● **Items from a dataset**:
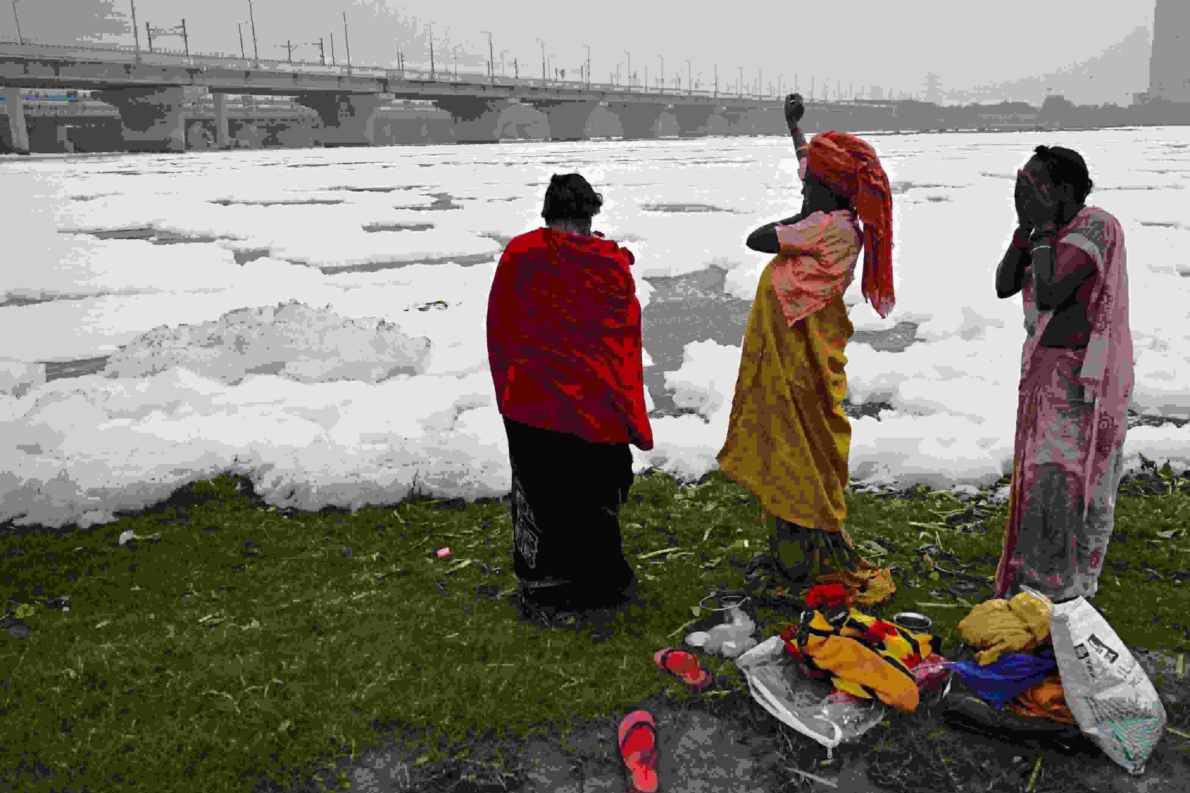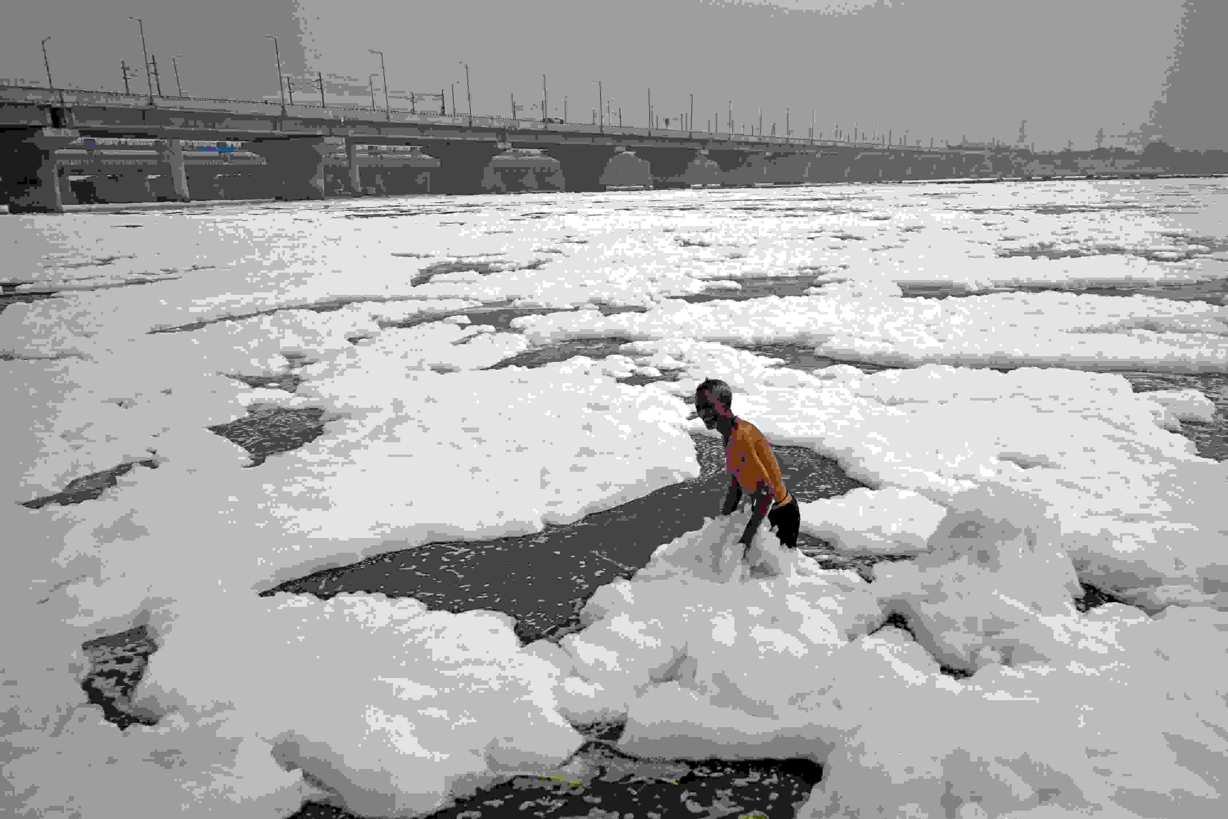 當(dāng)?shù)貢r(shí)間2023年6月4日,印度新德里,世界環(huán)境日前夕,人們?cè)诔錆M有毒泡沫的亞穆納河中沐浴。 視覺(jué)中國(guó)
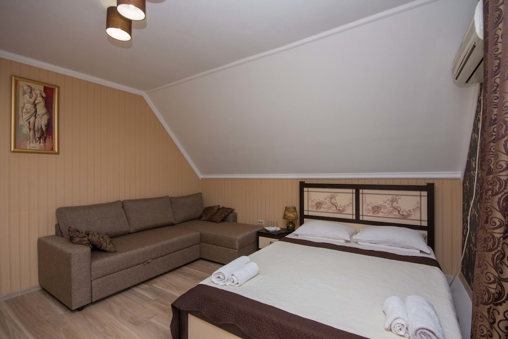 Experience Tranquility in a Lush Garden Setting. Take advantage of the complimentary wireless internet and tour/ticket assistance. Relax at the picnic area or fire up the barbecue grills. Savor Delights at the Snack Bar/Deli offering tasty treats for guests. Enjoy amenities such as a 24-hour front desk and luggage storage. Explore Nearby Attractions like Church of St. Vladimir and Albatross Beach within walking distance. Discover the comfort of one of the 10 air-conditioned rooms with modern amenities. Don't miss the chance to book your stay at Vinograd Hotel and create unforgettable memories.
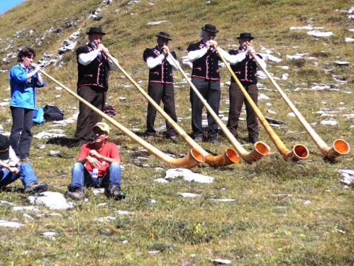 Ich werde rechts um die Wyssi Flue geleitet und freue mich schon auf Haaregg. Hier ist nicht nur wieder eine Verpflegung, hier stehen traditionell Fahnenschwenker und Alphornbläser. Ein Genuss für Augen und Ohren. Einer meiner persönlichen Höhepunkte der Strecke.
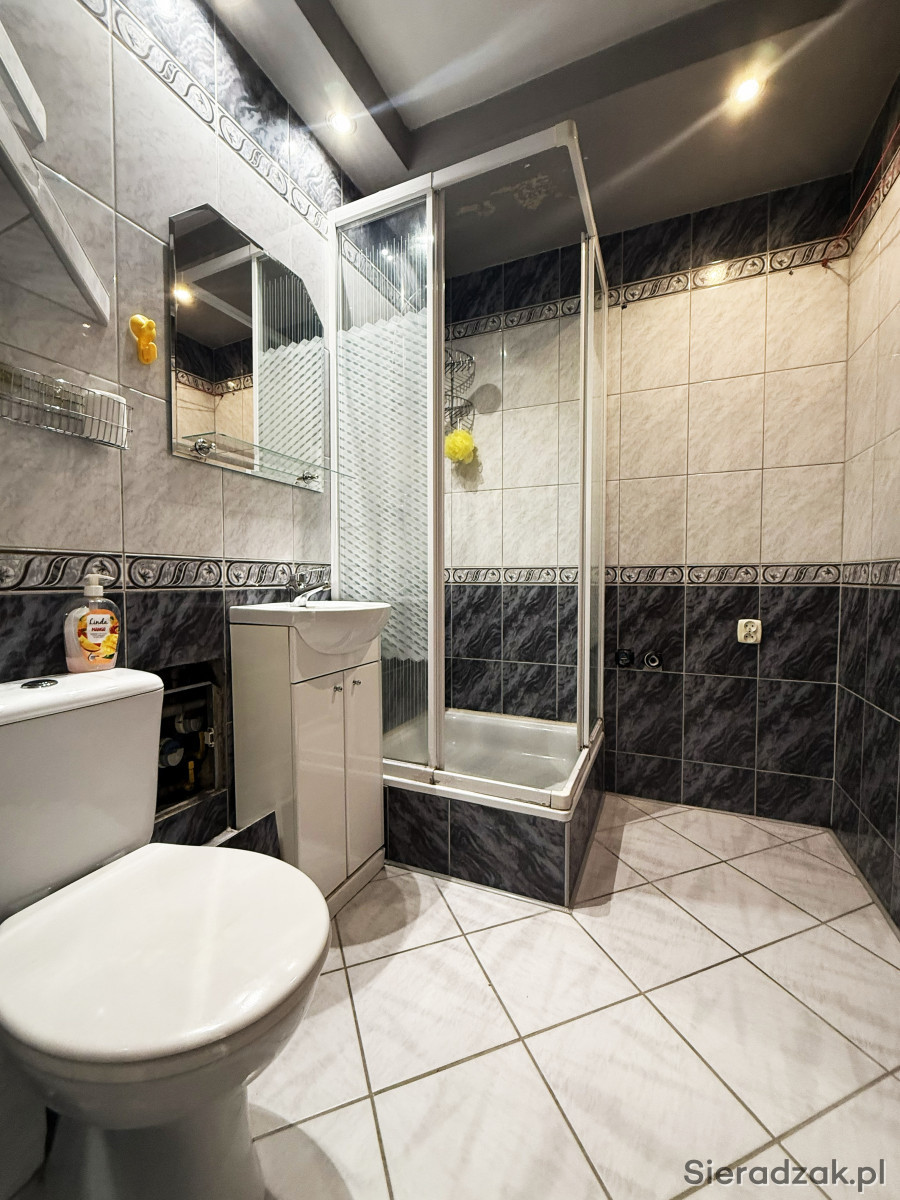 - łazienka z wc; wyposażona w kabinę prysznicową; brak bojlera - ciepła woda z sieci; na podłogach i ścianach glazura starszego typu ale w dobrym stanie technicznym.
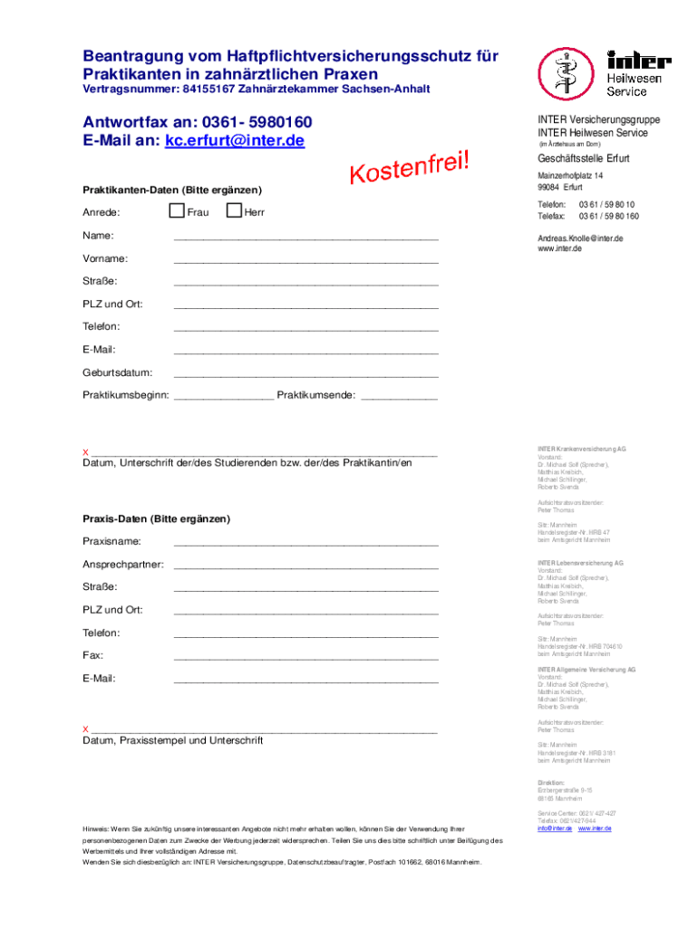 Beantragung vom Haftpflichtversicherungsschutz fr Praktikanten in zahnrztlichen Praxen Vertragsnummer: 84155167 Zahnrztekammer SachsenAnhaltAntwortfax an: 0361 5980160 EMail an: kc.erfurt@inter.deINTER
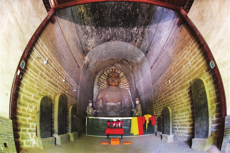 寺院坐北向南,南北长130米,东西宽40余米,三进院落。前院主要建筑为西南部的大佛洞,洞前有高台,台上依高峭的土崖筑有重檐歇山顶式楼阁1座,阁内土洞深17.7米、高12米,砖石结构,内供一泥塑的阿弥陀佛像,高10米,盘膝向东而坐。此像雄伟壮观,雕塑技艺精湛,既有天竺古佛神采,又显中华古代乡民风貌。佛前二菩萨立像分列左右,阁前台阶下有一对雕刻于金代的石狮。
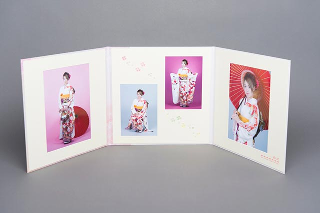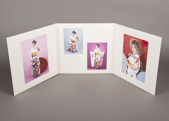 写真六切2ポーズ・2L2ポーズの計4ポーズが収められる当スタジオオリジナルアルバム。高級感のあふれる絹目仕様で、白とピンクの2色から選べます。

● **ACTIVITY**: Copy word for word the lines above, starting at the line containing "Experience Tranquility in" and ending at the line containing "- łazienka z", inclusive, with no pictures.

● **RESPONSE TO THE TASK**:
 Experience Tranquility in a Lush Garden Setting. Take advantage of the complimentary wireless internet and tour/ticket assistance. Relax at the picnic area or fire up the barbecue grills. Savor Delights at the Snack Bar/Deli offering tasty treats for guests. Enjoy amenities such as a 24-hour front desk and luggage storage. Explore Nearby Attractions like Church of St. Vladimir and Albatross Beach within walking distance. Discover the comfort of one of the 10 air-conditioned rooms with modern amenities. Don't miss the chance to book your stay at Vinograd Hotel and create unforgettable memories.
 Ich werde rechts um die Wyssi Flue geleitet und freue mich schon auf Haaregg. Hier ist nicht nur wieder eine Verpflegung, hier stehen traditionell Fahnenschwenker und Alphornbläser. Ein Genuss für Augen und Ohren. Einer meiner persönlichen Höhepunkte der Strecke.
 - łazienka z wc; wyposażona w kabinę prysznicową; brak bojlera - ciepła woda z sieci; na podłogach i ścianach glazura starszego typu ale w dobrym stanie technicznym.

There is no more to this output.